The Whistling Season
Evan Doig
Harcourt; June 2006

Doig, a native of Montana, has been celebrating the natural beauty of his state and depicting the pleasures and challenges of frontier life for many years now in books like 'This House of Sky' and 'English Creek'. Here he returns to Montana to deal with these signature themes once again, with very satisfying results. Set in the early 1900s, this novel is a nostalgic, bittersweet story about a widower, his three sons, and the year these boys spend in a one-room country schoolhouse. The novel begins with the father, Oliver; hiring a widowed housekeeper named Rose from Minneapolis (her advertisement reads "Can't Cook but Doesn't Bite"). She arrives with her unconventional brother, Morrie, in tow. Morrie is something of a scholar, and he soon finds himself pressed into service as a replacement teacher. During the course of the novel, these intriguing and unpredictable characters come together in surprising and uplifting ways. This is an affectionate, heartwarming tale that also celebrates a vanished way of life and laments its passing.

The Diezmo
Rick Bass
Houghton Mifflin Company; June 2006

In the early days of the Republic of Texas, two young men, wild for glory, impulsively volunteer for an expedition Sam Houston has ordered to patrol the Mexican border. But the dreams of triumph soon fade into prayers for survival when all that is on their minds is getting home and having a cool drink of water. After being captured in a raid on the Mexican village of Mier, escaping, and being recaptured, the men of the expedition are punished with the terrible diezmo, in which one man in ten must die. The survivors end up in the most dreaded prison in Mexico. There they become pawns in an international chess game being played to decide the fate of Texas, and, with their hopes of release all but extinguished, they make one last-ditch, desperate effort to escape.
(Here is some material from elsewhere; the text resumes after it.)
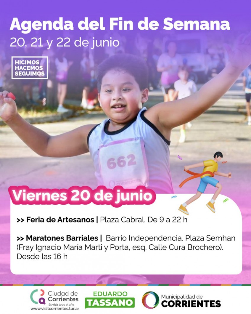 Se viene un fin de semana extra largo y, pese al frío, la Municipalidad de Corrientes organizó una variada agenda de actividades que se desarrollará desde el viernes al domingo. En diferentes espacios al aire libre se podrá disfrutar de la peña chamamecera, ferias de artesanos y emprendedores locales, maratón en el barrio Independencia, recorridos pedestres, feria K-Animé, entre otras propuestas para vecinos y visitantes.

Based on the Mier Expedition, this is one of the most absurd and tragic military adventures in the history of Texasa country and a state, as Rick Bass writes, that was "born in blood."

The Foreign Correspondent
Alan Furst
Random House Publishing Group; May 2006

Even before the outbreak of World War II, hundreds of Italian intellectuals and journalists fled to Paris to escape Mussolini's tyranny. As they formed resistance groups and founded clandestine newspapers, spies from nations friendly and hostile moved freely in their midst. Alan Furst's spy novel The Foreign Correspondent is set in this perilous period of transition. Title character Carlo Weisz doubles as a Reuter's stringer and the editor of an underground antifascist newspaper. But even his cover job offers no security: In these dangerous times, any journalist is fair game.